Network neutrality and quality of service: what a nondiscrimination rule should look like.

Authorvan Schewick, Barbara
PositionII. Proposals for Nondiscrimination Rules C. Case-by-Case Approaches 4. Problems with Case-by-Case Adjudication d. Strategic Incentives of Policymakers and Big Stakeholders through D. More Nuanced Rules 2. Substantive Approaches a. The First Approach ii. Allowing Discrimination Among Classes of Applications That Are Not Alike C. User Choice, p....

d. Strategic incentives of policymakers and big stakeholders

In spite of these considerable social costs associated with general or ambiguous nondiscrimination standards, the strategic incentives of legislators or regulators who consider adopting network neutrality rules and of the big stakeholders on both sides of the debate are aligned in favor of such a scheme. (280) Stakeholders cannot agree which discriminatory behavior is acceptable today; it is unlikely that they will be able to do so in the future. There are large, well-financed entities on both sides of the network neutrality debate. Any substantive decision would take on either the large, well-financed, well-organized, and politically influential network providers (e.g., in the United States, AT&T, Verizon, Comcast, and Time Warner) or big providers of Internet applications, content, or services such as Google and Amazon. Under these circumstances, adopting a very general or ambiguous nondiscrimination rule today constitutes an attractive compromise, since the controversial question is not decided one way or the other. (281)

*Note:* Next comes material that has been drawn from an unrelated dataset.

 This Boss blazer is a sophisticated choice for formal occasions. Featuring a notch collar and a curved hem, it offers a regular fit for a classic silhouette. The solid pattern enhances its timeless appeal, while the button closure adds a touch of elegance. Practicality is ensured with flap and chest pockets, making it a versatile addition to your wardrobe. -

The legislator or regulator can reap any immediate benefits associated with adopting network neutrality rules (282) while avoiding the immediate political costs of taking on powerful interests on one side of the debate. (283) While an ambiguous or general nondiscrimination rule that is applied case by case is more difficult and costly to apply and enforce in the future, these costs will not be borne by the entity adopting the rule. (284) If the nondiscrimination rule is adopted through legislation, it will most likely be enforced by a regulatory agency (e.g., in the United States, by the FCC). Even if the nondiscrimination rule is adopted by a regulatory agency such as the FCC through administrative rulemaking, it may be enforced by future members of the agency (e.g., in the case of the FCC, by future Commissioners) or by another entity within the agency (e.g., the FCC's Enforcement Bureau). The social costs of this type of rule will not be borne by the entity adopting the nondiscrimination rule, either. (285)

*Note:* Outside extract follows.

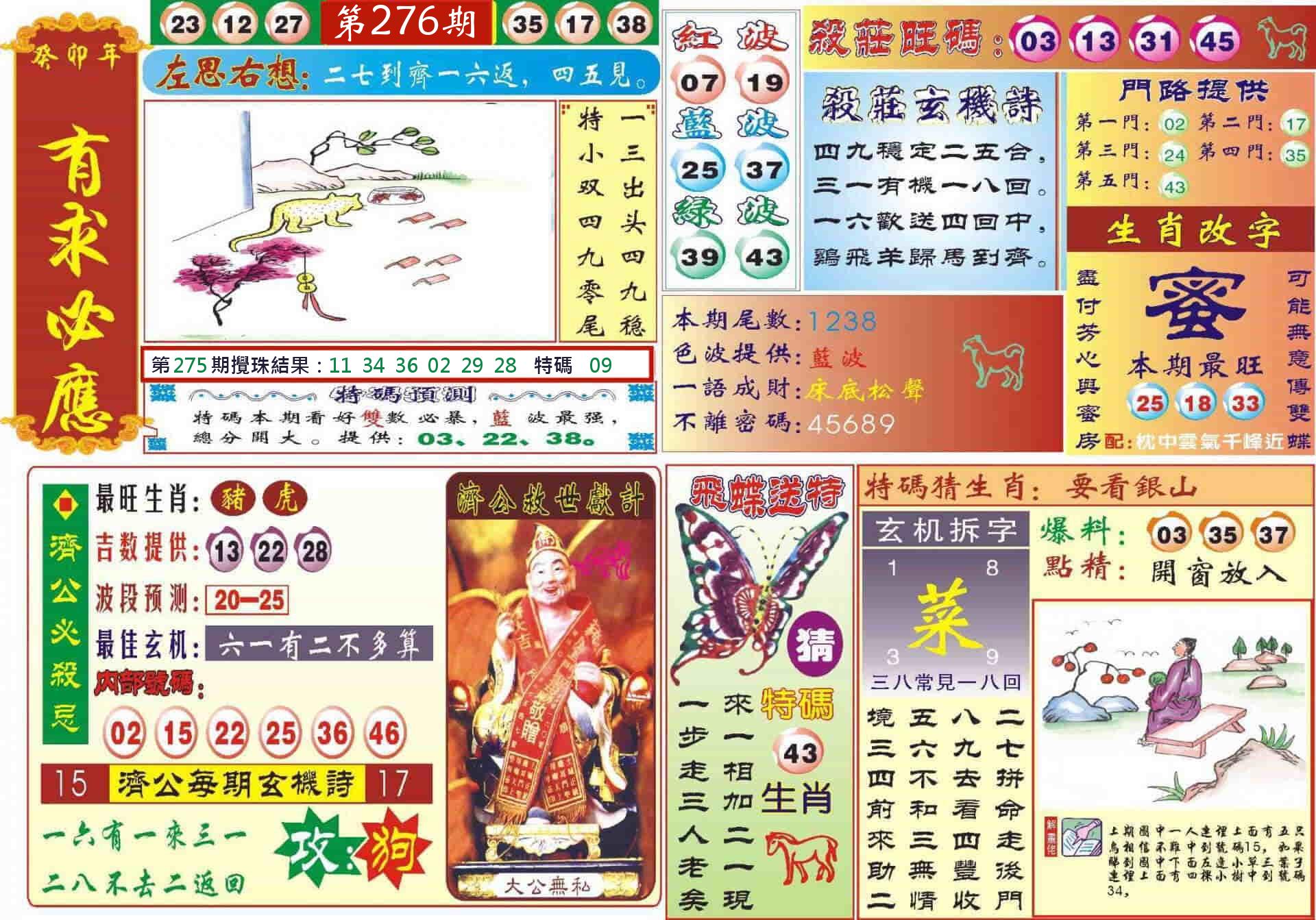 新香港六合彩 第 2025276 期 開獎結果

Big stakeholders support this type of nondiscrimination rule because each side can claim a win (or at least a nonloss) and gets a second chance to influence the ultimate decision over the legality of specific practices in the context of individual adjudications in the future. While adjudications are costly, big stakeholders have the resources to play the case-by-case game and prevail in future adjudications. Given these incentives, it is not surprising that the proposals for a general or ambiguous nondiscrimination rule described above emerged from industry negotiations at the FCC (286) and in Congress, (287) or, as in the Verizon-Google legislative framework proposal, from direct negotiations between two big stakeholders on opposite sides of the debate. (288)

  1. More Nuanced Rules

    A final group of proposals would adopt more nuanced rules that specify in advance which differential treatment is and is not allowed. Like the standards-based approaches discussed above, these proposals recognize that some forms of discrimination are socially beneficial, while others are socially harmful. Contrary to the standards-based approaches, however, these proposals define in advance what constitutes acceptable and unacceptable discrimination to avoid the social costs associated with leaving the decision about specific discriminatory conduct to future case-by-case adjudications.

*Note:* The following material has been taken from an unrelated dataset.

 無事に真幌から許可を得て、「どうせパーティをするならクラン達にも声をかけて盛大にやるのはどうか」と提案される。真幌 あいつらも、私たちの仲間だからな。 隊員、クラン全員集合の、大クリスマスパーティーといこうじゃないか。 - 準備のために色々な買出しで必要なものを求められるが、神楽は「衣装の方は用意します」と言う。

    Out of the three proposals in this category, only one--ban application-specific discrimination, but allow application-agnostic discrimination (Part II.D.2.b)--accurately distinguishes socially beneficial from socially harmful discrimination. This is the rule that policymakers should adopt. By contrast, the other two proposals--ban discrimination that is not disclosed (Part II.D.1) and ban discrimination that does not treat like traffic alike (Part II.D.2.a)--do not adequately protect the values that network neutrality rules are intended to protect and should be rejected.

    1. Formal approaches: ban discrimination that is not disclosed

    The first set of approaches in this group bans discrimination that is not disclosed, distinguishing between socially beneficial and socially harmful practices using the formal criterion of whether the network provider disclosed the differential treatment. Alternatively, a network neutrality regime might allow blocking or discrimination but require Internet service providers to disclose any blocking or discrimination that occurs. (289) In January 2014, the Court of Appeals for the D.C. Circuit struck down the Open Internet Order's rules against blocking and discrimination but upheld the disclosure rule. (290) Thus, until the FCC adopts new network neutrality rules, the current network neutrality regime in the United States constitutes an example of this approach.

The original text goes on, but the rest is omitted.